YOUR OBJECTIVE:
Starting at the first line of the records below, reproduce every line up to and including the line with "Deputetja e PDK-së", but leave out all pictures.

DATA FOR THIS TASK:
# # # #

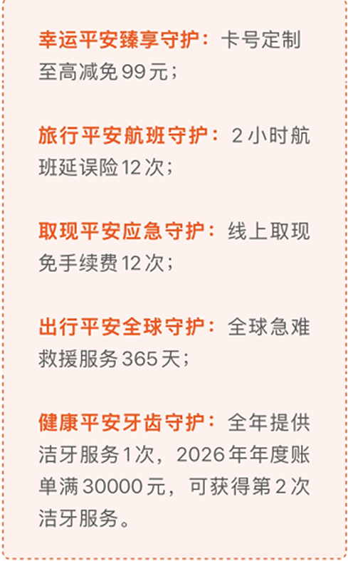 产品秉承平安银行信用卡一贯的“平安”特色,在延续用卡、出行、健康、信用和服务五大基础保障之上,又进一步升级“守护”权益。2026年2月6日—2026年6月30日期间,新户核卡并完成首刷即可享五大守护升级:
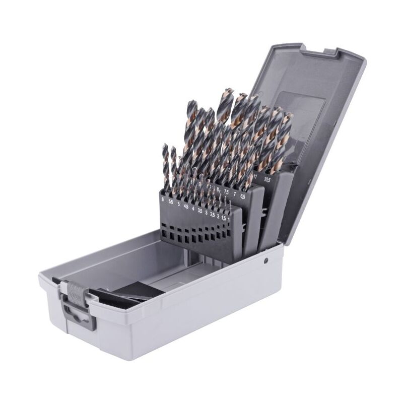 • Trapano a spirale secondo DIN 338 • Taglio croce matura • Albero a tre superfici • Set di perforazione a spirale • Assortimento di perforazione a spirale • Set di perforazione a spirale • Set di perforazione a spirale 25 pezzi • Set di perforazione a spirale 25 pezzi. • 1-10,0 mm A'0,5 mm in aumento • Estremamente Sharp • Nessuna incollaggio • Scatola di plastica • Vita di servizio superiore • Basso Sviluppo del calore • Acciai fino a 900 N / mm2 • Versione a terra
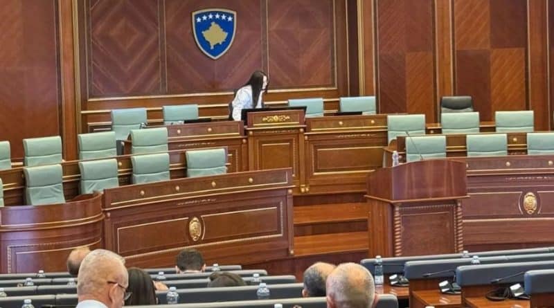 Deputetja e PDK-së Sala Jashari ilegalisht kyç mikrofonin e Kuvendit pas mbylljes se seancës për t’iu mundësuar fjalimet deputetëve të opozitës
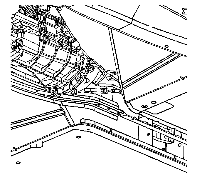 Install the transmission fluid cooler pipe retaining bolts to the driveline support.
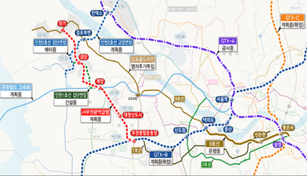 * 서부권광역급행철도는 GTX-B 노선을 공용하여 여의도용산 등 직결 추진
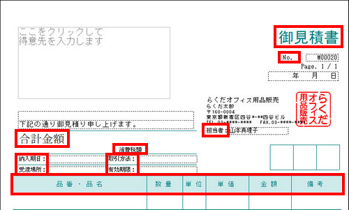 | 例えば、「【単票】A4見積書(A) カラー」の場合、下図の赤枠の部分が編集可能です。 |

# # # #

RESULT:
 产品秉承平安银行信用卡一贯的“平安”特色,在延续用卡、出行、健康、信用和服务五大基础保障之上,又进一步升级“守护”权益。2026年2月6日—2026年6月30日期间,新户核卡并完成首刷即可享五大守护升级:
 • Trapano a spirale secondo DIN 338 • Taglio croce matura • Albero a tre superfici • Set di perforazione a spirale • Assortimento di perforazione a spirale • Set di perforazione a spirale • Set di perforazione a spirale 25 pezzi • Set di perforazione a spirale 25 pezzi. • 1-10,0 mm A'0,5 mm in aumento • Estremamente Sharp • Nessuna incollaggio • Scatola di plastica • Vita di servizio superiore • Basso Sviluppo del calore • Acciai fino a 900 N / mm2 • Versione a terra
 Deputetja e PDK-së Sala Jashari ilegalisht kyç mikrofonin e Kuvendit pas mbylljes se seancës për t’iu mundësuar fjalimet deputetëve të opozitës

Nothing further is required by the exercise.